= Material to process =
----------

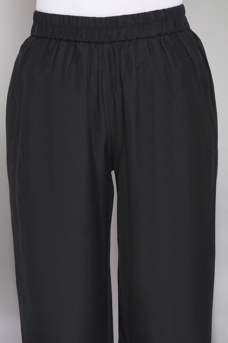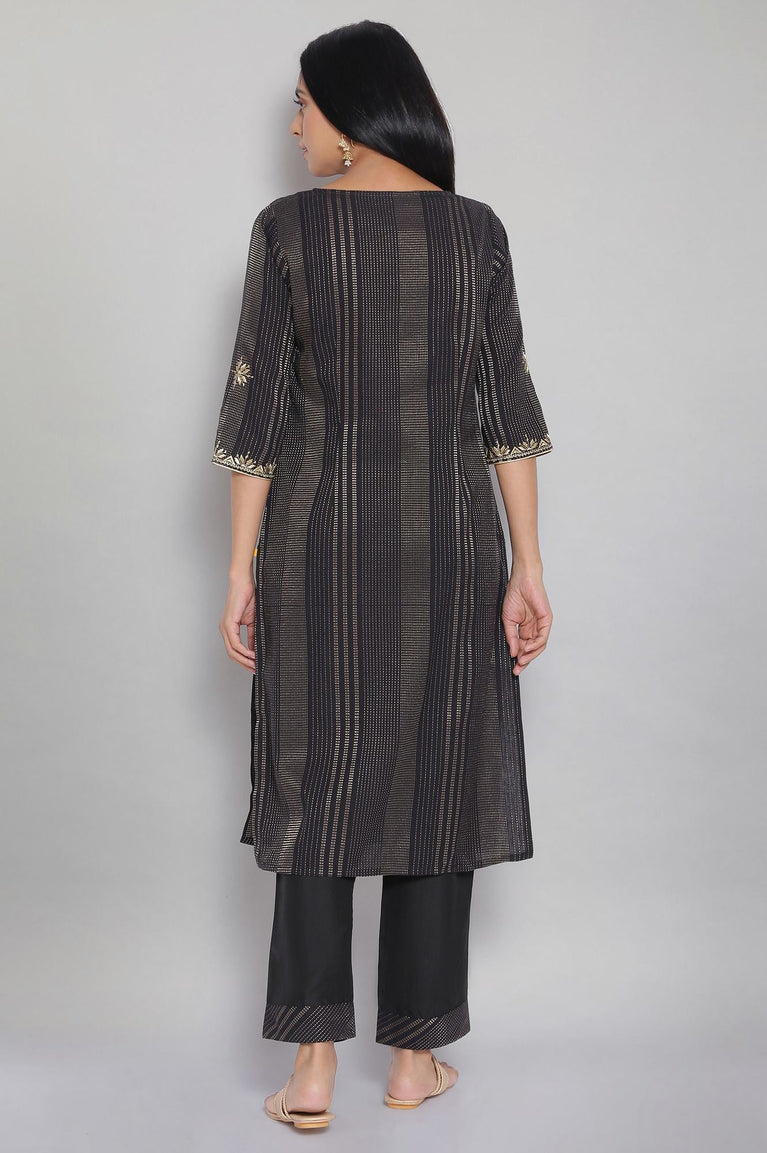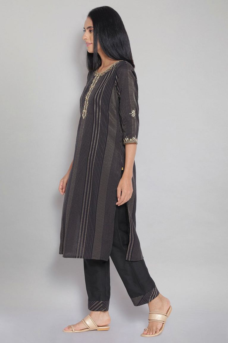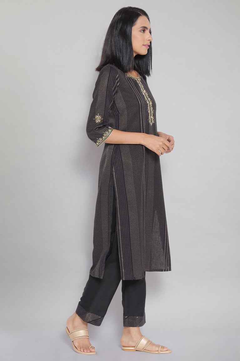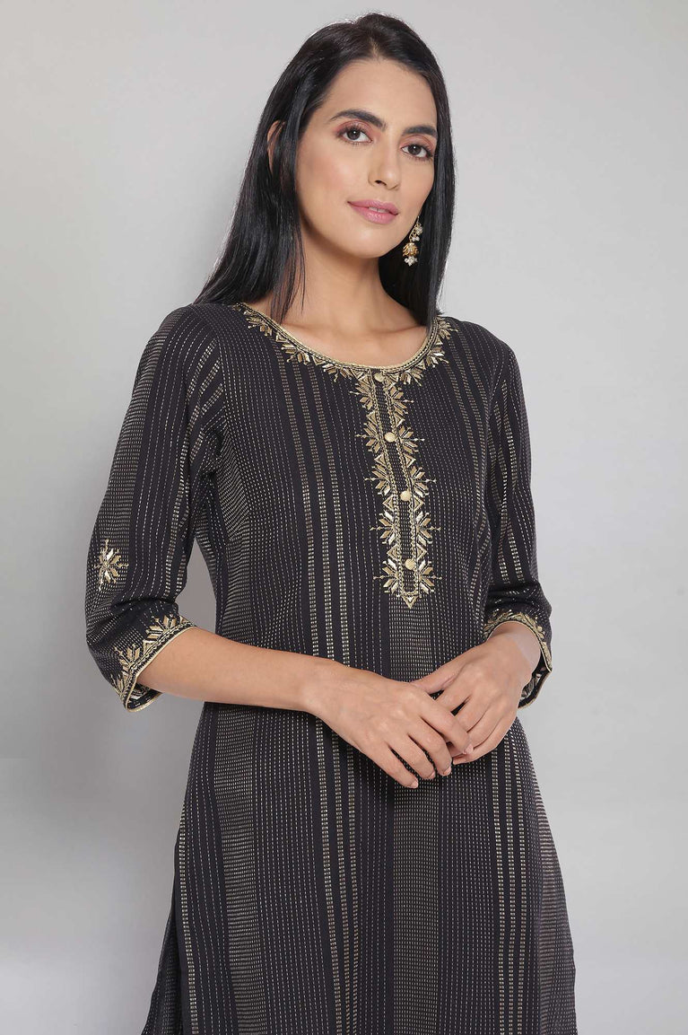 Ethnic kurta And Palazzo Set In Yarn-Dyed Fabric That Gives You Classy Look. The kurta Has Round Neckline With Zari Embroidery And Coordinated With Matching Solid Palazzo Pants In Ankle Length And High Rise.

----------

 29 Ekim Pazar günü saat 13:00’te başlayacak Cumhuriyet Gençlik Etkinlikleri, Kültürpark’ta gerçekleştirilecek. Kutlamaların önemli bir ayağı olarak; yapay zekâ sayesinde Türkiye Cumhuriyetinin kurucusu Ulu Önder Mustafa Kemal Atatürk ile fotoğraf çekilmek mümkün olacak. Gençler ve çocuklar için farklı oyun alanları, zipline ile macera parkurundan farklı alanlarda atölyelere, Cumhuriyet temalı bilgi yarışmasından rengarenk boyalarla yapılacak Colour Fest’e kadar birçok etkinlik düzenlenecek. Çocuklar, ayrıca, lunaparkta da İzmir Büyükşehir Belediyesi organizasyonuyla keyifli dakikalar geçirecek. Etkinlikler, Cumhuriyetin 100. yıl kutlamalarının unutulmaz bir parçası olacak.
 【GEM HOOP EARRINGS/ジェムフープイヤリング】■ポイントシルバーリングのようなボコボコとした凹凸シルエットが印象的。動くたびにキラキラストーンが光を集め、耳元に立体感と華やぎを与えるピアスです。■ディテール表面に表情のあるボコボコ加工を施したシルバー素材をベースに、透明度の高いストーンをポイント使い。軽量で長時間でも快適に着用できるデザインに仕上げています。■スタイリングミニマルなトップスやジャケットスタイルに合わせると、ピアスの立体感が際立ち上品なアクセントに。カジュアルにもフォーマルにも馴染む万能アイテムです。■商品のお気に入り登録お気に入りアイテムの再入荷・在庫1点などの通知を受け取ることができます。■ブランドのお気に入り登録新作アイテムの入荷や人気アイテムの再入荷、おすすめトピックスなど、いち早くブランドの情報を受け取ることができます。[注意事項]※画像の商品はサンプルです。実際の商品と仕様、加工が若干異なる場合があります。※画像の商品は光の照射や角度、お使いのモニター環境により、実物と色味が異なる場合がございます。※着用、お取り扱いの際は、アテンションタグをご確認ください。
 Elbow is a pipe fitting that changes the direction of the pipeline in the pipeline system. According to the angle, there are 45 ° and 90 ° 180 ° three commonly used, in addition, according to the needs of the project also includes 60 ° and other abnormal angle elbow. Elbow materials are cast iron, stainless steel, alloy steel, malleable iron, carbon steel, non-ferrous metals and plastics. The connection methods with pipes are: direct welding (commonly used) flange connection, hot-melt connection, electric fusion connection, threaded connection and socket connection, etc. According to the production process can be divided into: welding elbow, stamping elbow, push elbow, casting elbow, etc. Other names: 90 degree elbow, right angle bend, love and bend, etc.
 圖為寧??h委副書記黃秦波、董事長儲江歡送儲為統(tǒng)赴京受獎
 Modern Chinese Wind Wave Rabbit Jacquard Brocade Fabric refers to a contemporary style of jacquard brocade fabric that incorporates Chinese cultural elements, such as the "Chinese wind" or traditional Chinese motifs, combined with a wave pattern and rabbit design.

----------

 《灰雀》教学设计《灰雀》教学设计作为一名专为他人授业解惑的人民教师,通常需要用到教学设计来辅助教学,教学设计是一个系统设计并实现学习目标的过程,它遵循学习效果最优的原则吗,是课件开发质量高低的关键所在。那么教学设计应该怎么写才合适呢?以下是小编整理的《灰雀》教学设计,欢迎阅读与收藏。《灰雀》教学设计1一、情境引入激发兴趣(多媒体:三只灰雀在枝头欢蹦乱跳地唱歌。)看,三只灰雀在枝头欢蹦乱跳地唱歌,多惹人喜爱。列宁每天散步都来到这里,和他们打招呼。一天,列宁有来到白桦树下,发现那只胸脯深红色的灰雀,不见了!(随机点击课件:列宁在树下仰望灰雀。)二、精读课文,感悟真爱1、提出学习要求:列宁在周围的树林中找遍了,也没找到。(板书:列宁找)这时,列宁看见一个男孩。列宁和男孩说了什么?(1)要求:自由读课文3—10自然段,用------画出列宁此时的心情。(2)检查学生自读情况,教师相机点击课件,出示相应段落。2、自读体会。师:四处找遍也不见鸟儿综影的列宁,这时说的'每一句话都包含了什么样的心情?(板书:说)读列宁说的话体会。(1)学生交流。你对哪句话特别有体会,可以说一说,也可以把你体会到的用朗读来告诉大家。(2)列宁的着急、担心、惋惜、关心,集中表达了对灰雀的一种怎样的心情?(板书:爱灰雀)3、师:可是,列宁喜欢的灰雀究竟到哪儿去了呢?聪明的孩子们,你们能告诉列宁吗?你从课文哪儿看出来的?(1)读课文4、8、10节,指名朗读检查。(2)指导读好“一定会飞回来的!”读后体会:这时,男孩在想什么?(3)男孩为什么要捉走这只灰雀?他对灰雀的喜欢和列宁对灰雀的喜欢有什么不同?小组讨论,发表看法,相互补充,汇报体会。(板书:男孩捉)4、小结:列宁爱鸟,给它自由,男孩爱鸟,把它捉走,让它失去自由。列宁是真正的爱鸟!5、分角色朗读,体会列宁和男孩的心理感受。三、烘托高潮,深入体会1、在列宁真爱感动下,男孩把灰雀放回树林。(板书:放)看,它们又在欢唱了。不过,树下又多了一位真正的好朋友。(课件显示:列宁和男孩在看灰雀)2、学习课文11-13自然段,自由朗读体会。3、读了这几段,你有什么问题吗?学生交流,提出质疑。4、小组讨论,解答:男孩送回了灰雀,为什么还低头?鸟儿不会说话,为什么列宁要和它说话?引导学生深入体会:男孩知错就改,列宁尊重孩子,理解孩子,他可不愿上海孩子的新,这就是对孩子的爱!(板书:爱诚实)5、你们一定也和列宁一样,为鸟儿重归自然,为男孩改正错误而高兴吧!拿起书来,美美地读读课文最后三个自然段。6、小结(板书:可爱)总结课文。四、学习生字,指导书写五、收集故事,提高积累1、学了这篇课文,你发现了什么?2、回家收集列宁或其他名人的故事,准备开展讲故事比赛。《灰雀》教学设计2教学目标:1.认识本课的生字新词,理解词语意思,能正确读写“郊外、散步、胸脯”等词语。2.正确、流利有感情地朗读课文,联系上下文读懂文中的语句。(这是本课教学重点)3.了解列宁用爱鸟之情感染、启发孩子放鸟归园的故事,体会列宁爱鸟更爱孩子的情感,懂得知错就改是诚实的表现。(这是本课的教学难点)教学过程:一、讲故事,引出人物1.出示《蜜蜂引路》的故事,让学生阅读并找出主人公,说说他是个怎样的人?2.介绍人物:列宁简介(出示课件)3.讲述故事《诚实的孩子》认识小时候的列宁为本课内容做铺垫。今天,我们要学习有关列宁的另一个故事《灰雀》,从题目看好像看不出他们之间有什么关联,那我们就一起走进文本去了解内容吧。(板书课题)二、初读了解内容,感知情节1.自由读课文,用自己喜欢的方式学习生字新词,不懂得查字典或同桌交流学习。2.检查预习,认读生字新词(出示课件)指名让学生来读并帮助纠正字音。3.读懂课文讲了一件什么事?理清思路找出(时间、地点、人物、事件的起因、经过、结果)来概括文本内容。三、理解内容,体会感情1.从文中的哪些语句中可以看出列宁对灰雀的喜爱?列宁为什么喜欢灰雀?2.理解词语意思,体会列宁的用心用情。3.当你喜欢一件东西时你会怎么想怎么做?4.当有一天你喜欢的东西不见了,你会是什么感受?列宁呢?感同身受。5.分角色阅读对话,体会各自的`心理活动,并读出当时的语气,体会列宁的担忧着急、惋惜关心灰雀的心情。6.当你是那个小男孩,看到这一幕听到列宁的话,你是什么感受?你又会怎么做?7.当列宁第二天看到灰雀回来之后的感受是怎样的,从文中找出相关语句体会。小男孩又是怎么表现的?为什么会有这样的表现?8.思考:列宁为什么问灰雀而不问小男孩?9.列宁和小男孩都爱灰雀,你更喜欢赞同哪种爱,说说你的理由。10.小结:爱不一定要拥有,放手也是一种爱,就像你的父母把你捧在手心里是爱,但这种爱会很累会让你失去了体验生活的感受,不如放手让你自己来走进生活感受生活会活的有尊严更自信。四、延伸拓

----------

= What is needed =
The lines to extract from the data above begin with the line containing "Elbow is a pipe" and end with the line containing "Modern Chinese Wind". Extract them exactly, including both.

= Answer space =
 Elbow is a pipe fitting that changes the direction of the pipeline in the pipeline system. According to the angle, there are 45 ° and 90 ° 180 ° three commonly used, in addition, according to the needs of the project also includes 60 ° and other abnormal angle elbow. Elbow materials are cast iron, stainless steel, alloy steel, malleable iron, carbon steel, non-ferrous metals and plastics. The connection methods with pipes are: direct welding (commonly used) flange connection, hot-melt connection, electric fusion connection, threaded connection and socket connection, etc. According to the production process can be divided into: welding elbow, stamping elbow, push elbow, casting elbow, etc. Other names: 90 degree elbow, right angle bend, love and bend, etc.
 圖為寧??h委副書記黃秦波、董事長儲江歡送儲為統(tǒng)赴京受獎
 Modern Chinese Wind Wave Rabbit Jacquard Brocade Fabric refers to a contemporary style of jacquard brocade fabric that incorporates Chinese cultural elements, such as the "Chinese wind" or traditional Chinese motifs, combined with a wave pattern and rabbit design.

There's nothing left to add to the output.